Work required: From the first line of the listing below to the line with "Za igranje princeze", print each line exactly, and nothing more. Leave out the pictures.

Task data:
-*-

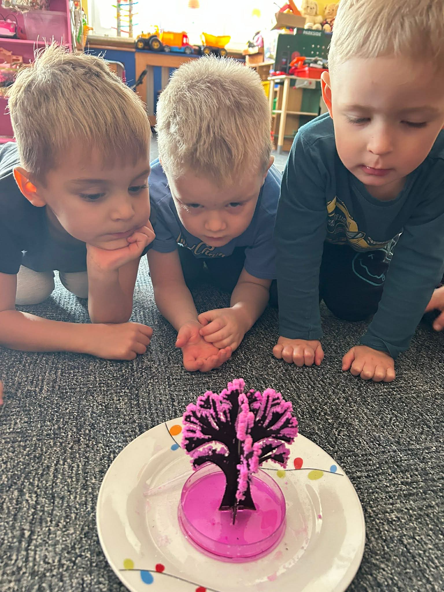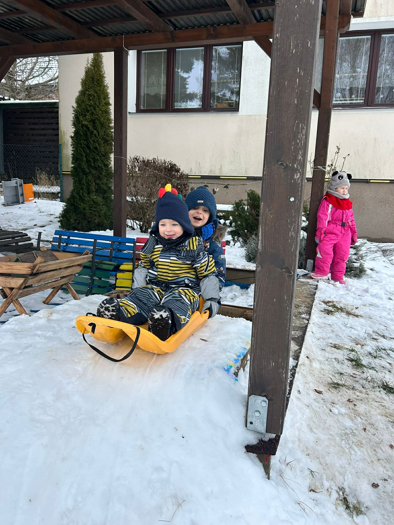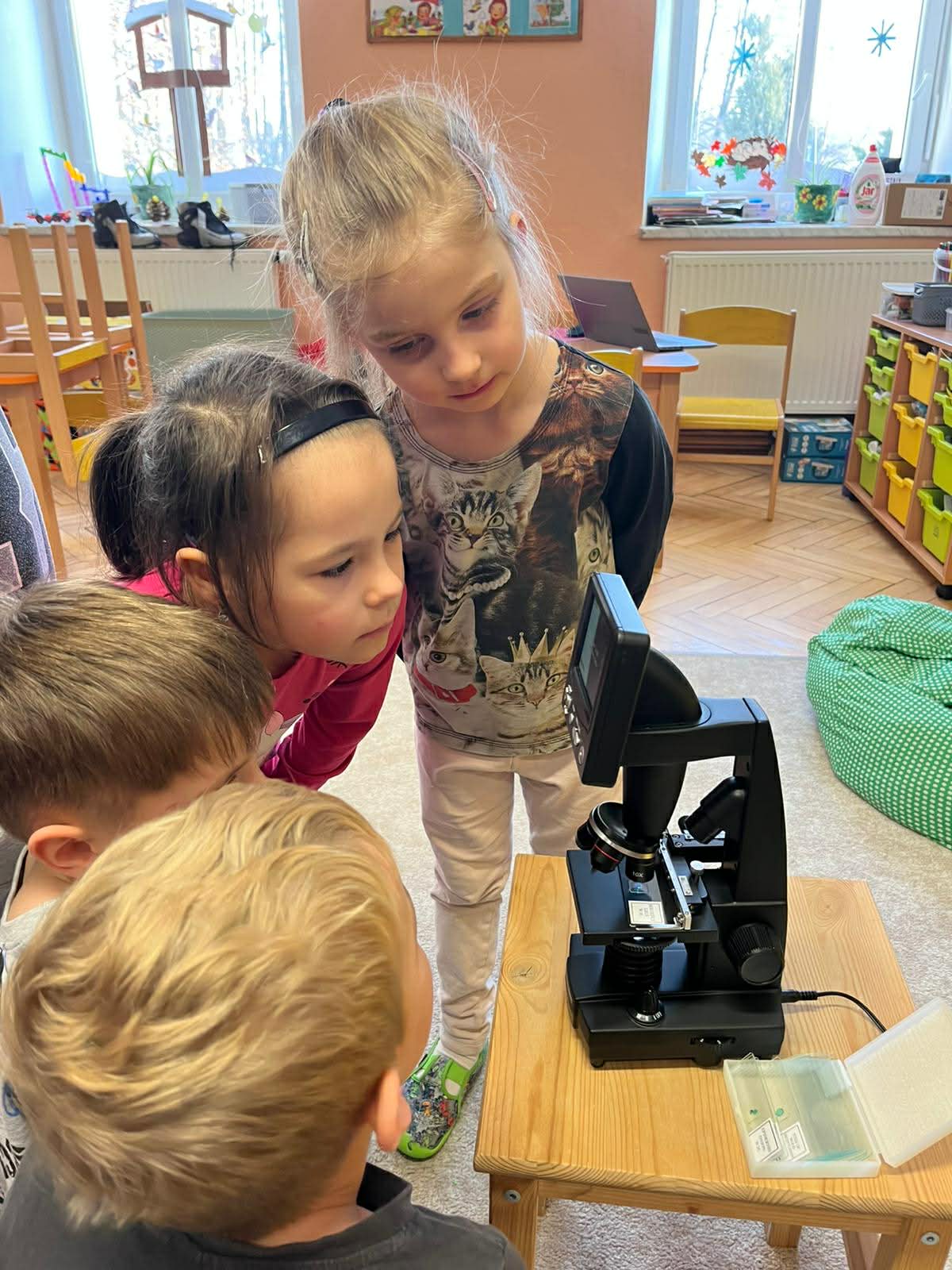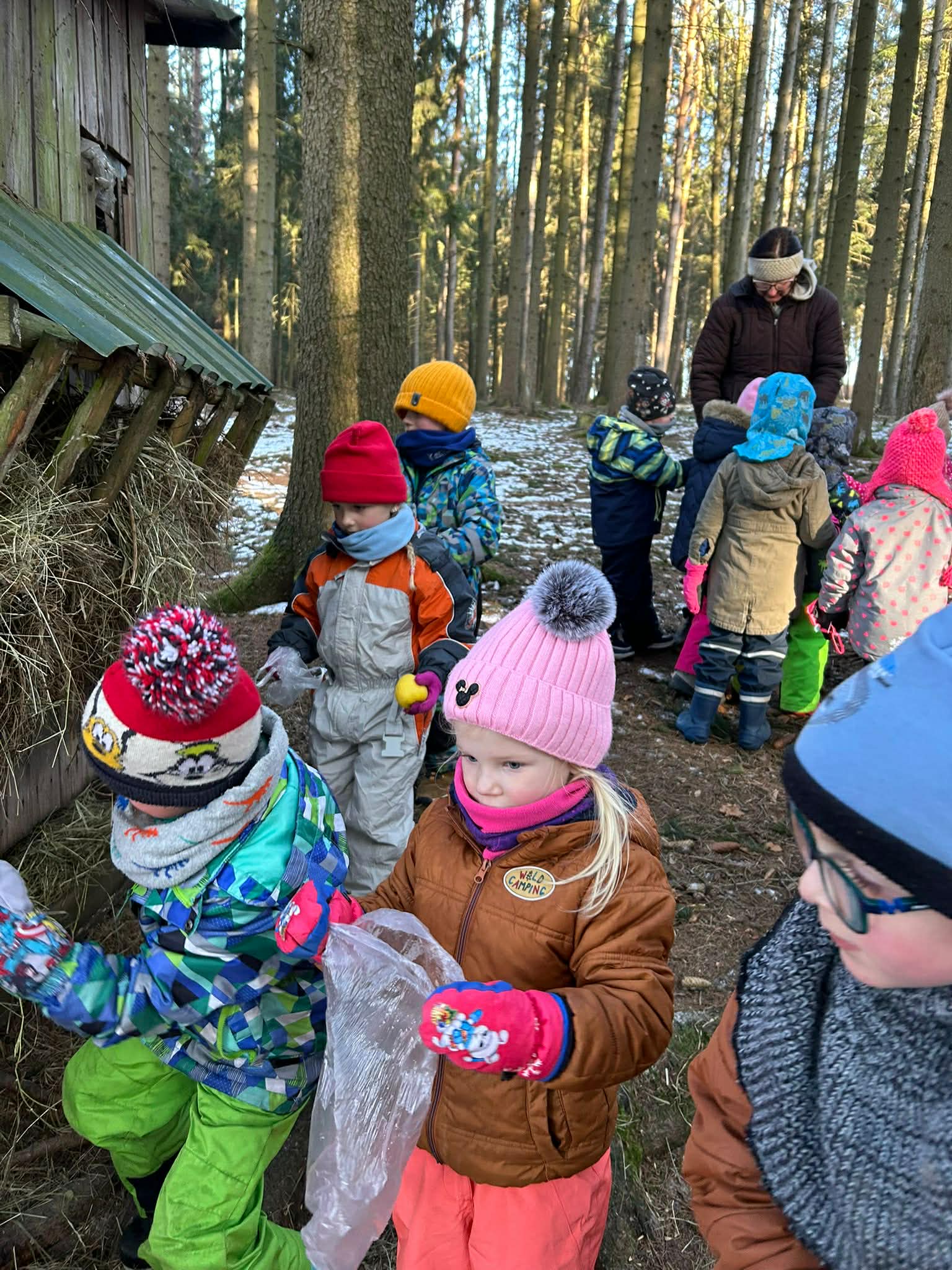 Práce s mikroskopem, detektorem kovu je oblíbeným nástrojem k poznávání, a v naší školce rozhodně nechybí. Zima nám letos přála a sněhu bylo dostatek, sáňkování a stavba sněhuláků nepatřila pouze naší školní zahradě. To, že zvířátkům v lese došly zásoby jsme pohlídaly a následně napravily donesením dobrůtek k místnímu krmelci.
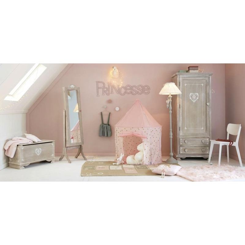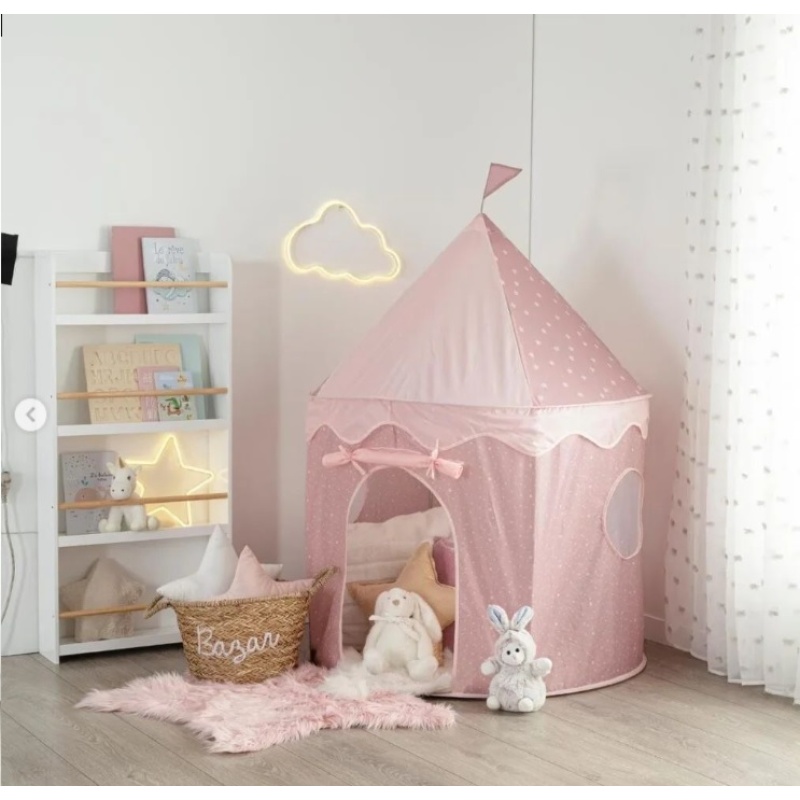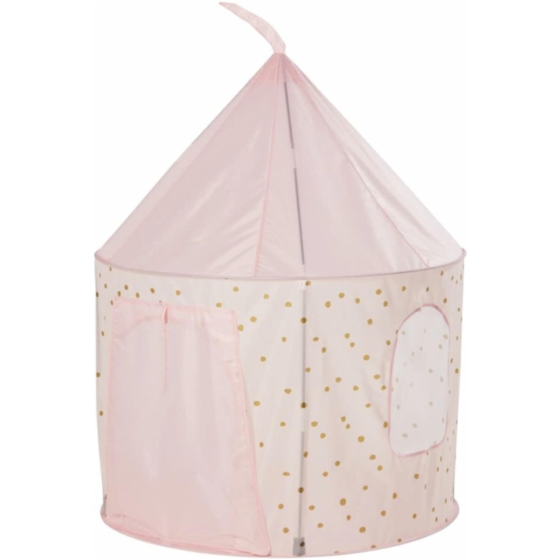 Za igranje princeze pastelno ružičasti šator idealan je dar za djecu koja vole izmišljati lijepe priče. Ima otvor na prednjoj strani koji se pričvršćuje uzicama i okvir sa zastavicom. Praktičan, možete ga jednostavno transportirati i pohraniti zahvaljujući torbi. Sa svojim lijepim zlatnim točkastim uzorcima, ovaj šator za igru pružit će profinjen i nježan dodir u spavaćoj sobi vašeg djeteta.
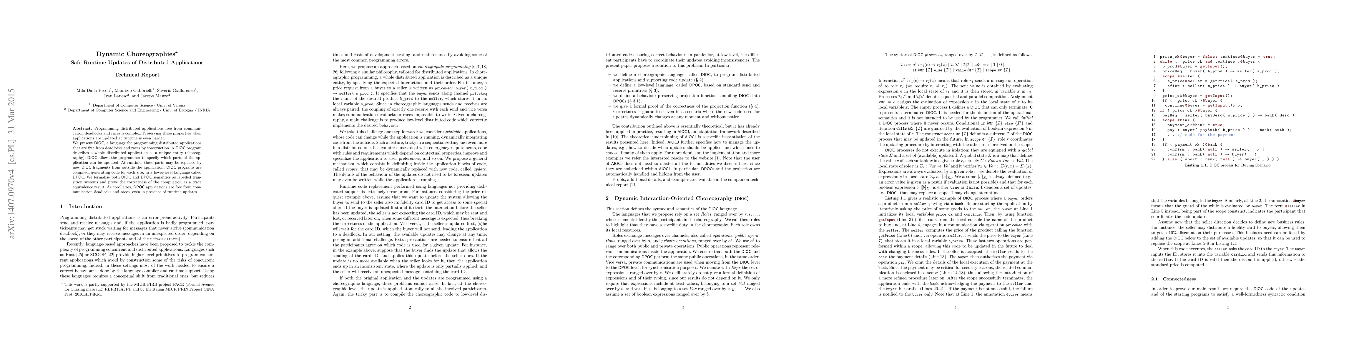Programming distributed applications free from communication deadlocks and races is complex. Preserving these properties when applications are updated at runtime is even harder. We present DIOC, a language for programming distributed applications that are free from deadlocks and races by construction. A DIOC program describes a whole distributed application as a unique entity (choreography). DIOC allows the programmer to specify which parts of the application can be updated. At runtime, these parts may be replaced by new DIOC fragments from outside the application. DIOC programs are compiled, generating code for each site, in a lower-level language called DPOC. We formalise both DIOC and DPOC semantics as labelled transition systems and prove the correctness of the compilation as a trace equivalence result. As corollaries, DPOC applications are free from communication deadlocks and races, even in presence of runtime updates.
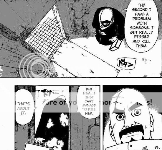 I remember when this chapter came out, everyone was pissed. I mean, it was pretty clear that Akatsuki was going for some sort of world-dominating scheme, but this just seemed like such a ... not epic way to do it. Remember back in part 1 when Jiraiya first mentioned them and we were all shitting our pants thinking that there's a group of people that even Orochimaru is wary of? Actually meeting them just ruined everything, but not so much as in this moment.
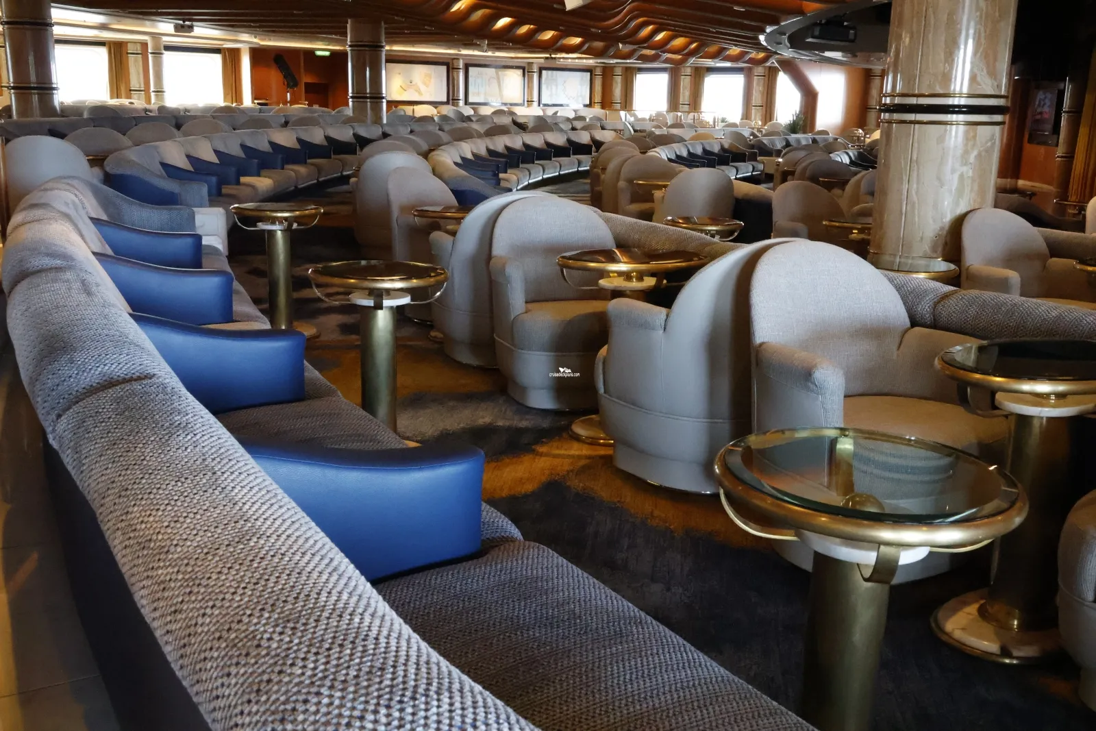 A large room with its own bar and dance floor and features acts from ventriloquists to comedians.Shore Excursion Desk

-*-

Your solution:
 Práce s mikroskopem, detektorem kovu je oblíbeným nástrojem k poznávání, a v naší školce rozhodně nechybí. Zima nám letos přála a sněhu bylo dostatek, sáňkování a stavba sněhuláků nepatřila pouze naší školní zahradě. To, že zvířátkům v lese došly zásoby jsme pohlídaly a následně napravily donesením dobrůtek k místnímu krmelci.
 Za igranje princeze pastelno ružičasti šator idealan je dar za djecu koja vole izmišljati lijepe priče. Ima otvor na prednjoj strani koji se pričvršćuje uzicama i okvir sa zastavicom. Praktičan, možete ga jednostavno transportirati i pohraniti zahvaljujući torbi. Sa svojim lijepim zlatnim točkastim uzorcima, ovaj šator za igru pružit će profinjen i nježan dodir u spavaćoj sobi vašeg djeteta.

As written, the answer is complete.